The shop’s front room houses threads, hats, sunnies and thongs. Further back, racks of wetsuits and surfboards are punctuated by a fireplace with mantle shrine dedicated to latter-day sun and sand deity, The Hoff.
A for sale 250cc café racer is the pièce de résistance on the floor. Bar stools and a couch not just for show.
“I’ve always wanted my shop to feel like a place to hang out,” Ben says, “and there is no better way to make people feel welcome than to let them take a seat and stop for a yarn.”
Ben is excited about his new line: Yeo Haus Hemp Wear, made in partnership with Adelaide-based business Hemp Clothing Australia.
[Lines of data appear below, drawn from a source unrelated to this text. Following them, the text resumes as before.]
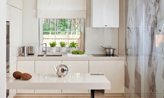 Особое значение в маленькой кухне играет ее цветовое оформление. Безусловно, лучшим решением станет светлая мебель, которая визуально будет расширять комнату. Со светлой мебелью можно создать множество интересных дизайнов. К тому же, белая мебель всегда актуальна и красиво смотрится в любых исполнениях, будь-то классические кухни или же ультрасовременные гарнитуры. На белом фоне красиво смотрятся яркие аксессуары, посуда и декоративные элементы.
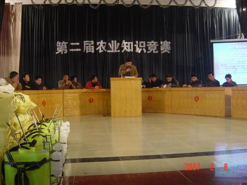 为了宣传、普及农业生产科技知识,促进职工不断加强业务理论知识学习和应用,以提高农场科学种田整体水平,为粮食产量再攀新高夯实基础。2月8日下午,大圹圩农场工会和场农技推广服务中心在场部大礼堂举办了“第二届农业知识竞赛”活动。7个农业分场分别组织代表队积极参赛。各农业单位主管、农业技术员、2006年度农场水稻高产户、部分农业职工一百多人到场观看、学习。
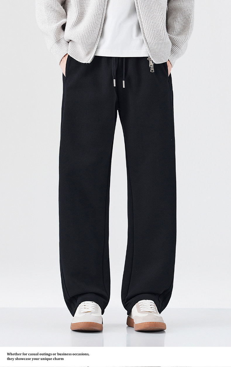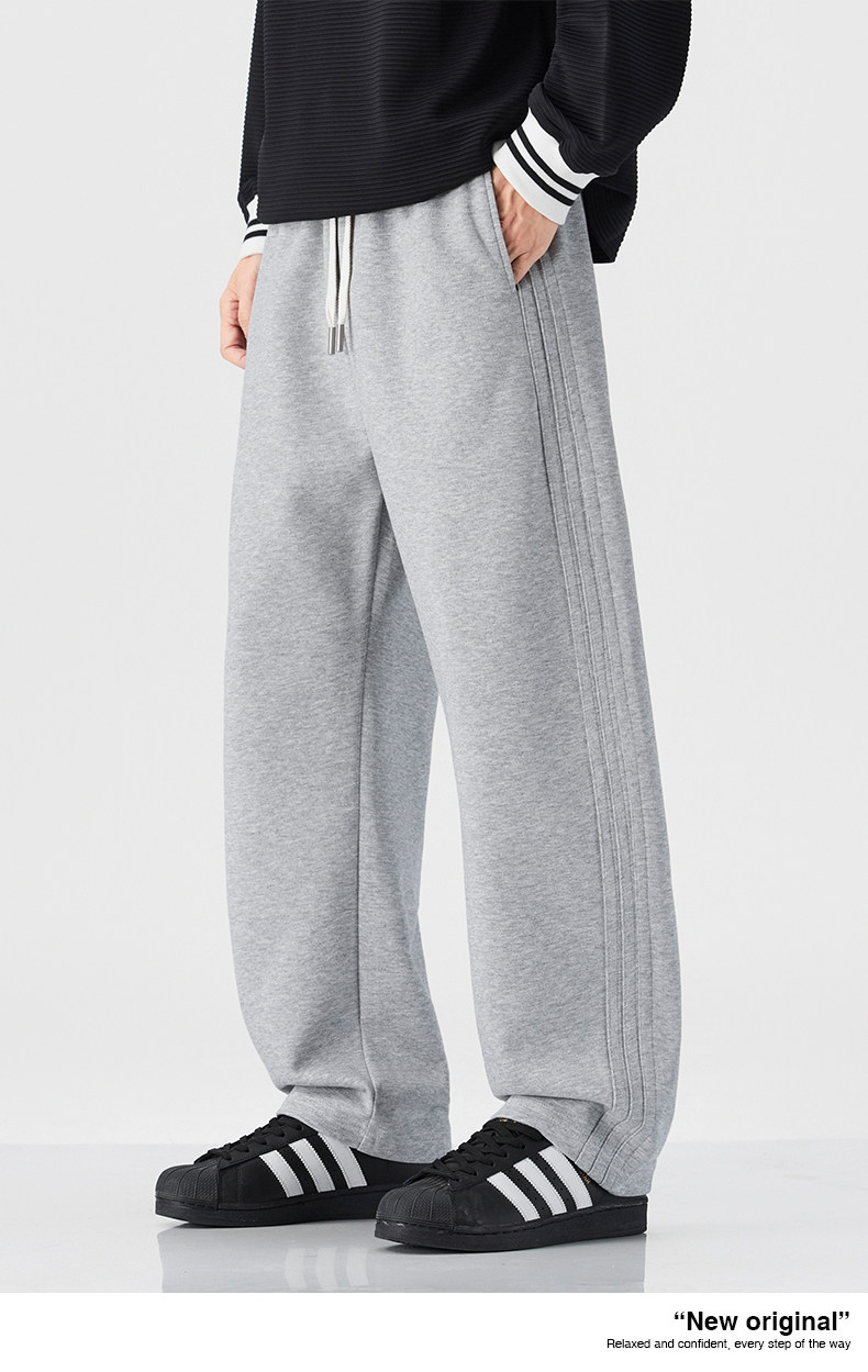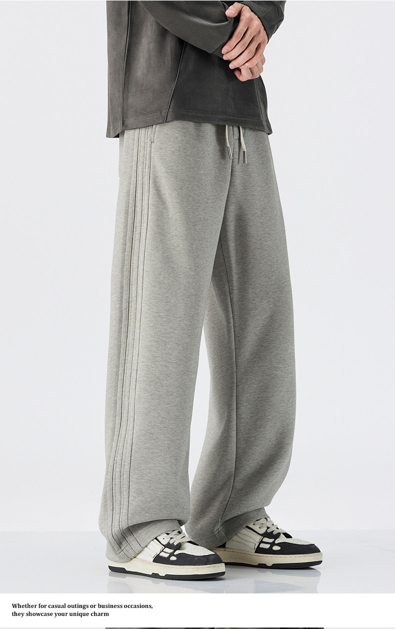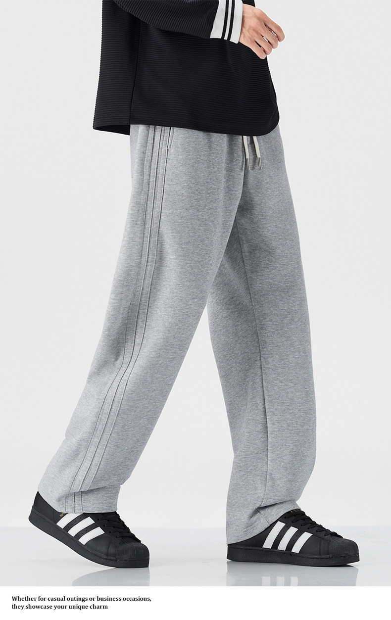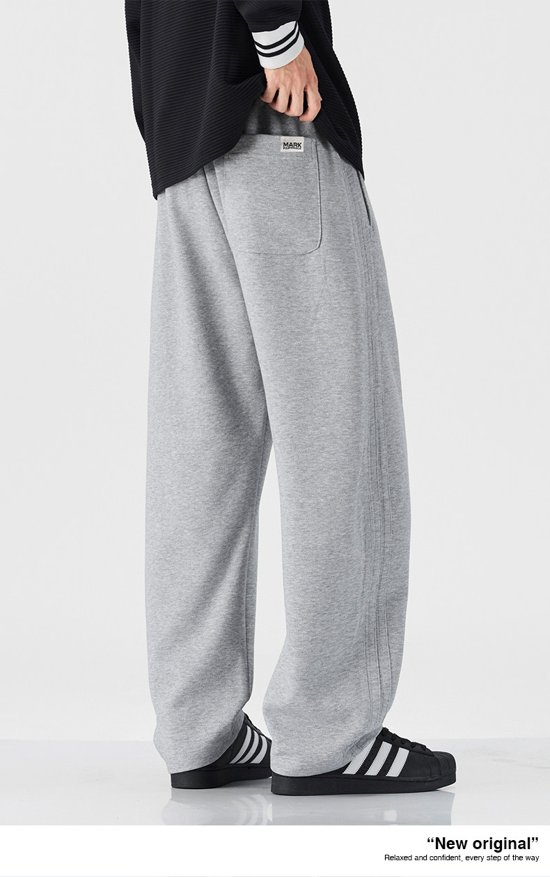 Mark Hua Fei Men's Sweatpants for Autumn and Winter, Fleece-Lined, Trendy Striped, High-End Vintage Loose Drawstring Sports Casual Pants
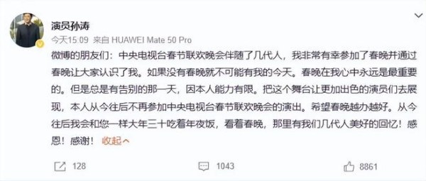 在孙涛对闫学晶事件做出澄清之后,1月26日,孙涛在个人账号正式发文宣布告别春晚。
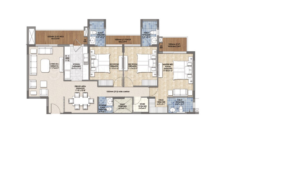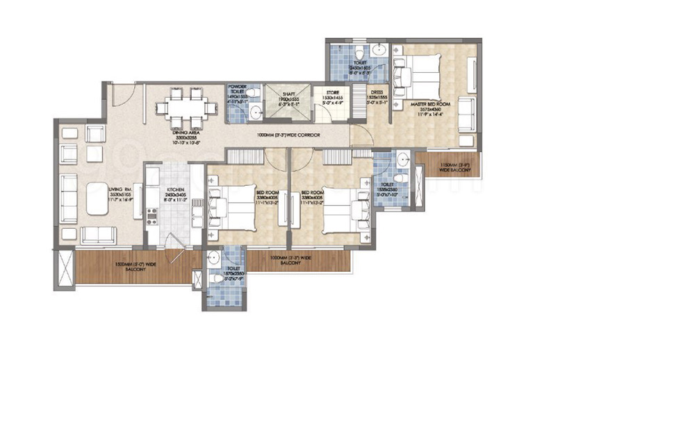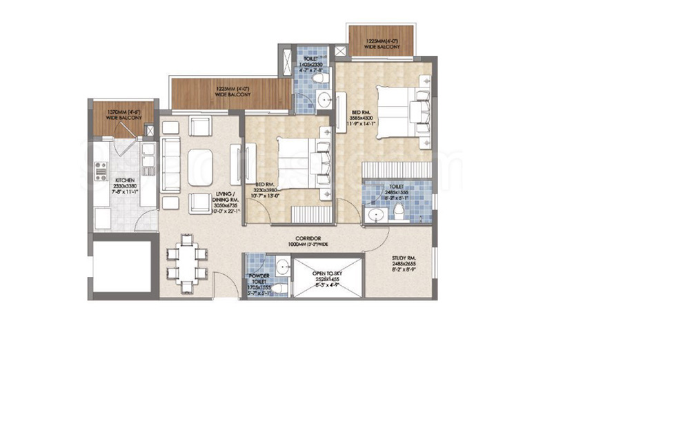 3 BHK | 1220 Sq.ft. | On Request | On Request | On Request | |

The fabric lasts well and sports the tag “wear to death” in line with Ben’s slow fashion ethos, which he says customers are opening up to in a bid to reduce waste.
He and fellow earth-conscious designer Troy Graves, who runs sustainably-made Cheer Wetsuits, also collect customers’ old wetties to recycle and reuse.
The common thread in Ben’s business and side projects is support for SA-based talent, keeping the glamour-hype around social media influencers and talent from the East Coast at arms length.
“You find a more organic flow when you operate with a local-first mindset,” Ben says, giving a generous nod to his family. “My mum comes to all my parties and my dad is a carpenter, which has come in handy.
“I’m also totally inspired by my grandma Faye Willis who used to run her own label,” he says. “She would critique my designs when I was starting out … (and) is a big part of who I am.
“Without them, none of this,” he glances around the shop, “would happen.”
A businessman who you’ll never catch without a hat on, Ben cuts an image removed from both the quintessential suit and surfer.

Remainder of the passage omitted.